Den Abschluss der Veranstaltungen hatten wir mit dem Kochen Südmährisch am 07.10.2018. Es gab Tafelspitz mit Apfelkren und zum Nachtisch selbstgemachten Apfelstrudel! Speisen die wir von unseren Eltern und Großeltern her kennen. Das Kochen, die Anekdoten, die man sich dabei erzählt, das Erinnern macht in jedem Jahr große Freude und eine gewisse Wehmut schwingt wohl immer mit.

In 2019 haben wir das Koche Südmährisch auf Morgen verlegt, Beginn 10:00! Wie immer beim Kochservice Schenzielorz.

Auf dem Kochzettel stehen: Znaimer Gurkensuppe und Schinkenfleckerln!
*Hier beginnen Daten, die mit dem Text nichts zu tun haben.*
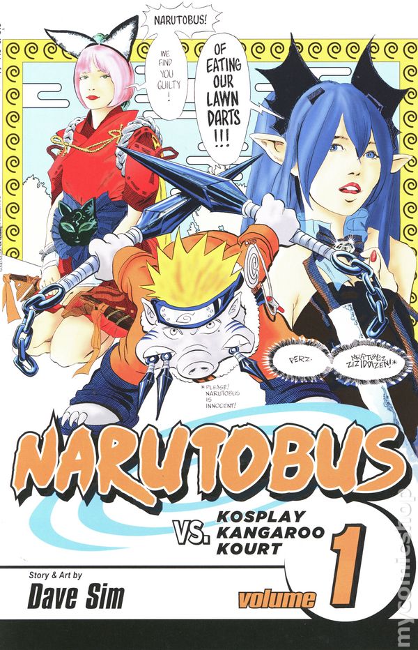 Written and Art by Dave Sim. Cover by Dave Sim, David Birdsong. Dave Sim's second Manga/glamourpuss mash-up continues! This time with Narutobus #1, the Naruto parody! Featuring the Kosplay Kangaroo Kourt (aka the K.K.K.) holding Cerebus to account for the infamous 'Baby Throwing Pages' from Church & State Vol. 1, the 11 panels of which Sim recreates in his early 1980s style. It's an art-style extravaganza! Will Narutobus be found innocent and set free, or is it already too late for our hero? 16 pages, full B&W. Cover price $5.00.
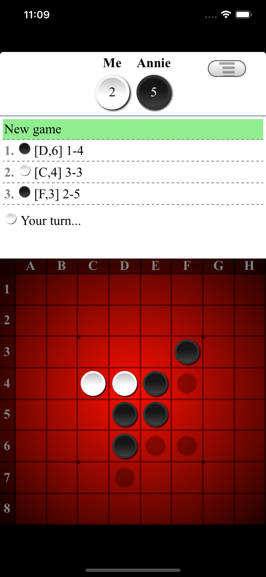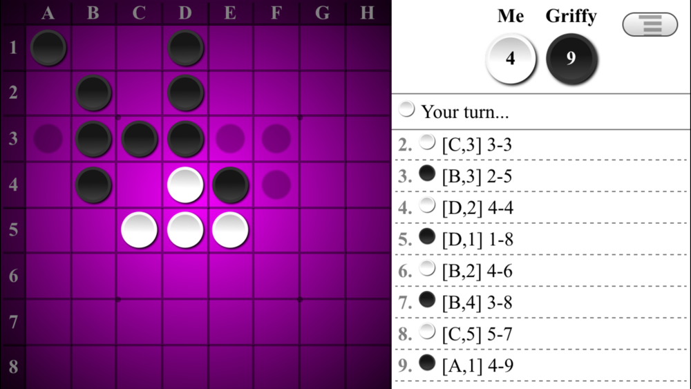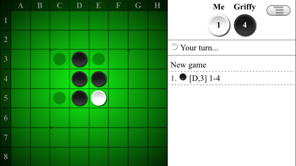 Pieces are flipped when they become sandwiched between the opposing players' pieces. The player who has the highest score when neither player can move is the winner!
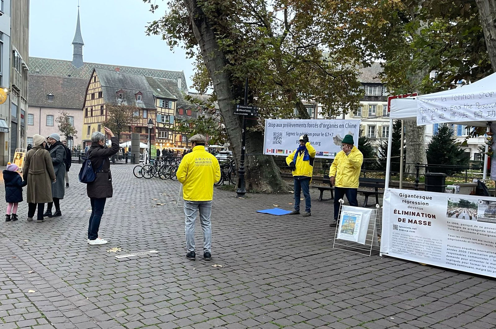 11.novembra 2025, praktikanti u istočnoj Francuskoj održali su aktivnosti u centru Kolmara. Lokalni stanovnici i turisti su saznali za Falun Dafu i mnogi su potpisali peticiju kojom se poziva na zaustavljanje prinudne žetve organa od strane KPK.
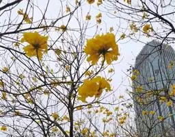 凌霄(学名Campsis grandiflora (Thunb.) Schum.),别名紫葳、五爪龙、红花倒水莲、倒挂金钟、上树龙、上树蜈蚣、白狗肠、吊墙花、堕胎花、芰华、藤罗花。落叶攀援藤本,茎木质,表皮脱落,枯褐色,以气生根攀附于它物之上。叶对生,为奇数羽状复叶顶生疏散的短圆锥花序。花萼钟状,花冠内面鲜红色,外面橙黄色。雄蕊着生于花冠筒近基部,花丝线形,细长。花药黄色,个字形着生。花柱线形,柱头扁平。蒴果顶端钝。花期5-8月。
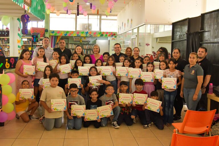 Guamúchil, Sin.- Con gran entusiasmo y participación de niñas y niños, se llevó a cabo la clausura de los cursos “Mis vacaciones en la biblioteca”,
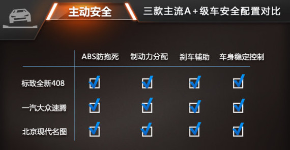 配置方面,三款车均配备了当前主流的配置。以三款顶配车型来看,车辆配备了定速巡航、倒车影像、座椅加热、后排出风口等。这其中全新408采用了LED大灯,并配以自动泊车、发动机启停技术以及并线辅助等科技配置,使得该车较另外两款车型更具竞争力。
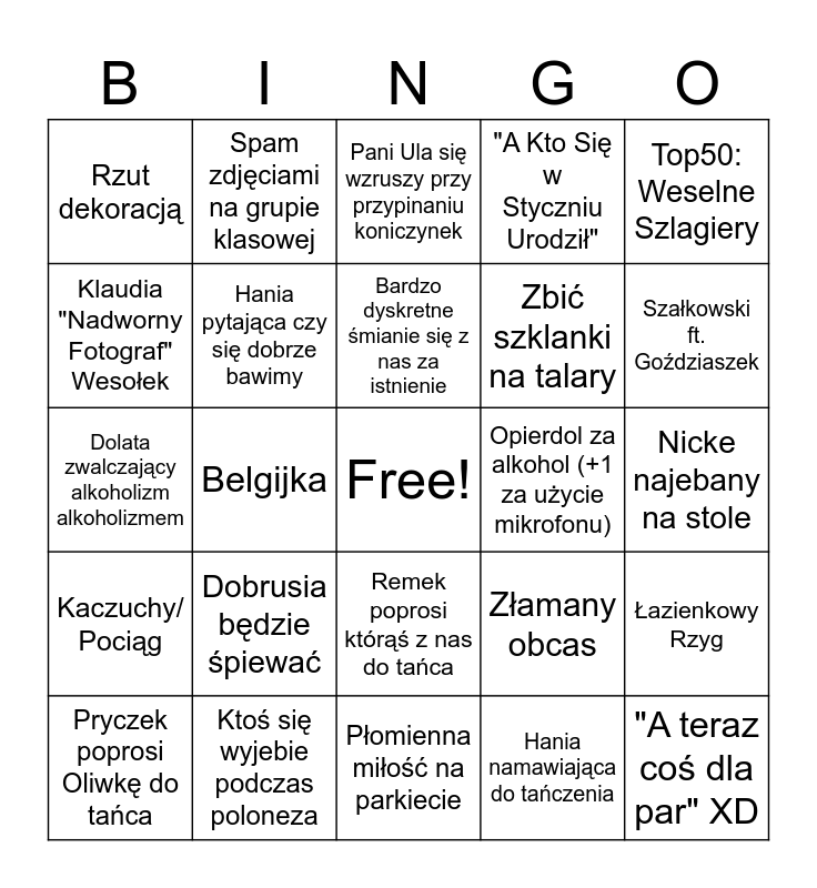 This bingo card has a free space and 24 words: Dobrusia będzie śpiewać, Ktoś się wyjebie podczas poloneza, Bardzo dyskretne śmianie się z nas za istnienie, Pryczek poprosi Oliwkę do tańca, Top50: Weselne Szlagiery, Rzut dekoracją, Klaudia "Nadworny Fotograf" Wesołek, Spam zdjęciami na grupie klasowej, Opierdol za alkohol (+1 za użycie mikrofonu), Remek poprosi którąś z nas do tańca, Zbić szklanki na talary, Dolata zwalczający alkoholizm alkoholizmem, Złamany obcas, Łazienkowy Rzyg, Hania pytająca czy się dobrze bawimy, Hania namawiająca do tańczenia, Nicke najebany na stole, Pani Ula się wzruszy przy przypinaniu koniczynek, Szałkowski ft. Goździaszek, Belgijka, "A teraz coś dla par" XD, Kaczuchy/ Pociąg, "A Kto Się w Styczniu Urodził" and Płomienna miłość na parkiecie.
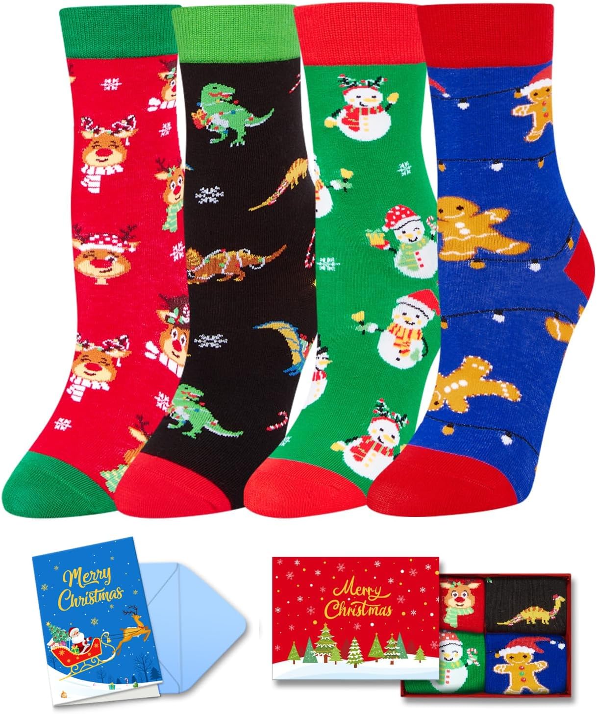 HAPPYPOP Christmas Socks for Kids - Funny Holiday Socks Xmas Gifts for Boys Girls 4 Pack
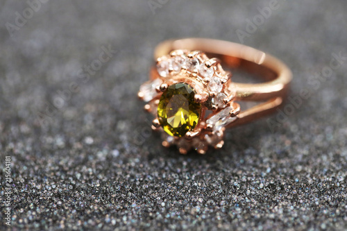 © Bordin, Fototapeta premium green gem stone and diamond on gold ring
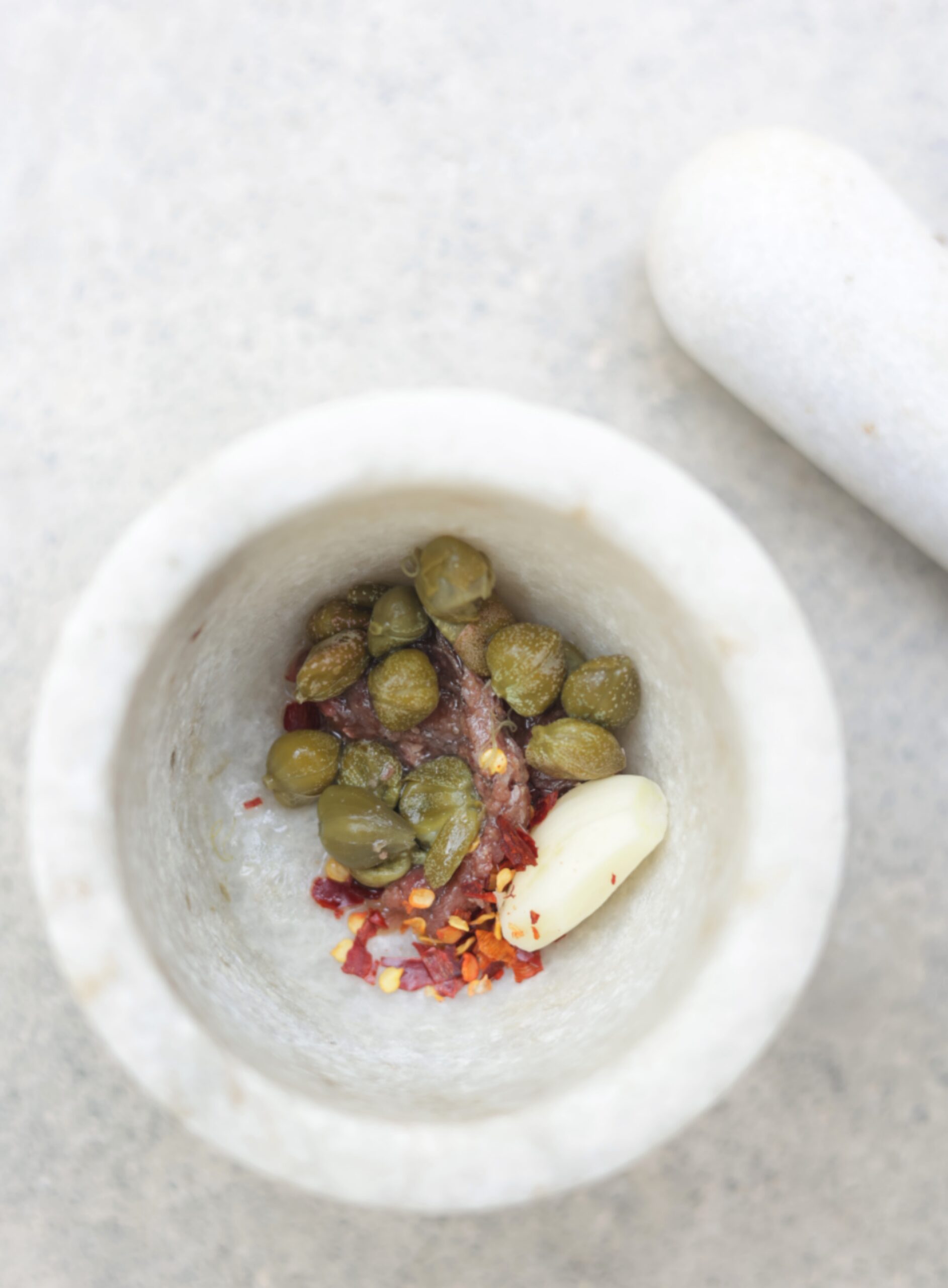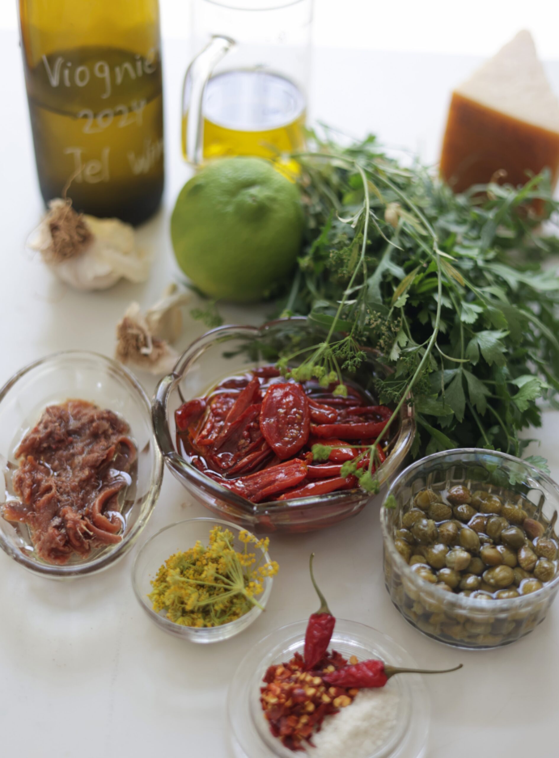 כמקובל במחוזות הדרום האיטלקי הצטרפו לעגבניות מרוכזות המרקם והטעם פילטים של אנשובי, שום, צלפים כבושים, קליפת לימון והרבה שמן זית. שילוב שמבשר רק טוב.
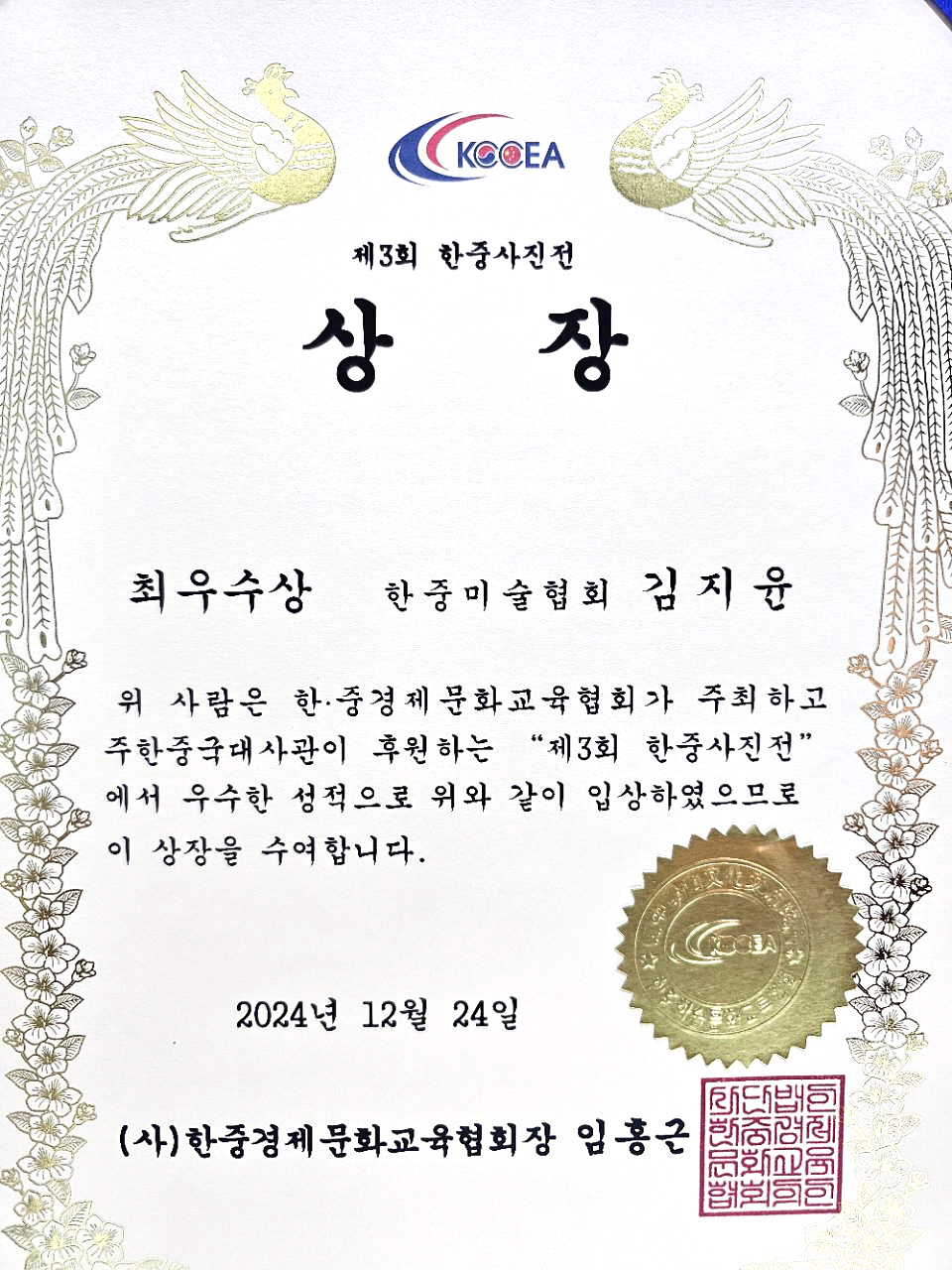 2024年12月23日下午,第三届韩中摄影展开幕式在韩国国会议员会议馆一层大厅举行,本次摄影展由韩中经济文化教育协会主办、中国驻韩国大使馆赞助。在此次展览中,我校韩国籍教授金智润的摄影作品脱颖而出,荣获“最佳优秀奖”。
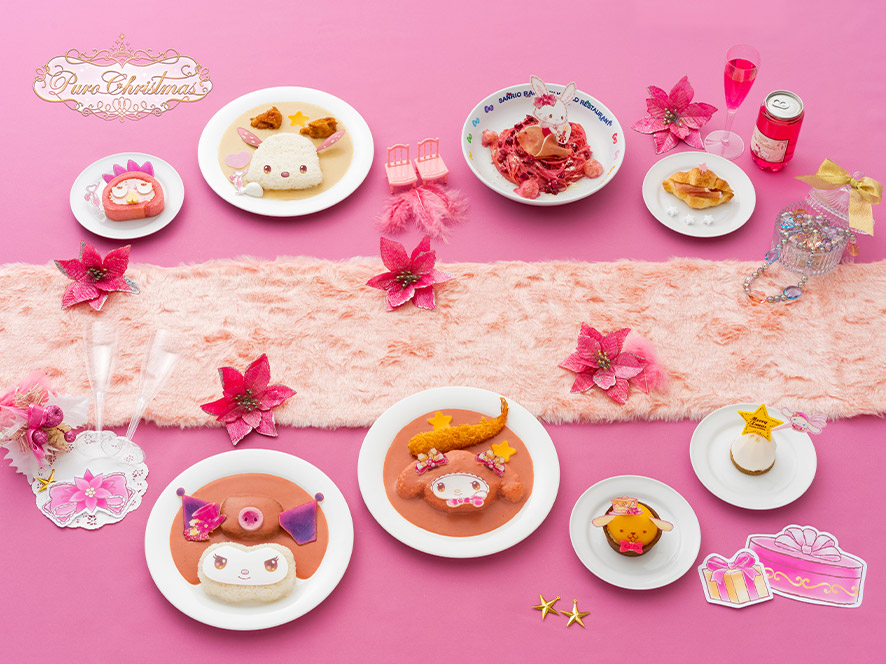 ほかにも「ウィッシュミーメル」のドレスを生ハムやパスタで表現した「生ハムと玉ねぎのドレッシー♡ピンククリームパスタ」、ちょっとリッチな気分で味わえる「一番星ホワイトツリーの珈琲と栗のモンブラン」など、おめかししてクリスマスを楽しむキャラクターたちのメニューが登場します。
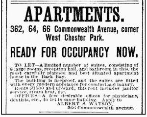 In September of 1890, an advertisement in the Boston Evening Transcript by Albert S. Watson offered 419 West Chester Park (86 Massachusetts Avenue) as a “large, well-lighted store, splendid location and admirably fitted for first-class caterer’s business,” and 417 West Chester Park (88 Massachusetts Avenue) as a “large store, good light, suitable for jewelry business or fancy stationery” which could be leased “with permission to sublet part.”
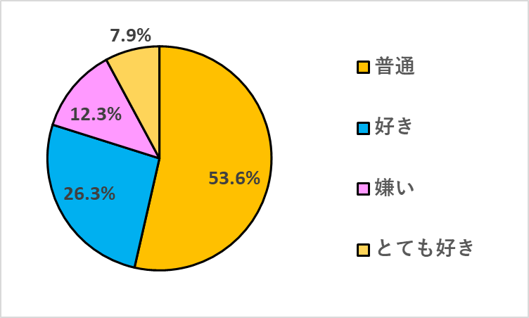 「洗濯は好きですか?」の質問に対し、最も多かった回答は「普通」で53.6%、次いで「好き」が26.3%、「嫌い」が12.3%という順になりました。好きでも嫌いでもないという人が半数以上なのですね。

Mit Original Geselchtem aus Österreich!

 

Was bleibt von so einem Jahr?

Einige neue Teilnehmer, die interessiert sind, wo niemand mehr da ist den man fragen kann.

Sie mit einzubeziehen, geschichtliches Wissen zu vermitteln, wie es zu der Vertreibung unserer Vorfahren kam, welche politischen Entscheidungen verantwortlich waren.

 

Was aber in Zukunft für unsere Volksgruppe wichtig sein wird: Gemeinschaft zu pflegen grenzübergreifend, Zusammenhalt zu zeigen, uns nicht in eine „Rechte Ecke“ drängen lassen. Da wo es nötig ist ganz klar Stellung zu beziehen. Aber auch offen zu bleiben, für unsere Nachbarn, der Nachgeborenen Generation auf der tschechischen Seite.

 

Zum guten Schluss:

Wir, „Die Junge und Mittlere Generation“, danken der Vorstandschaft des „Südmährerbundes“ für das entgegengebrachte Vertrauen und die Unterstützung.

Und allen Landsleuten die durch Ihre Teilnahme uns unterstützt haben.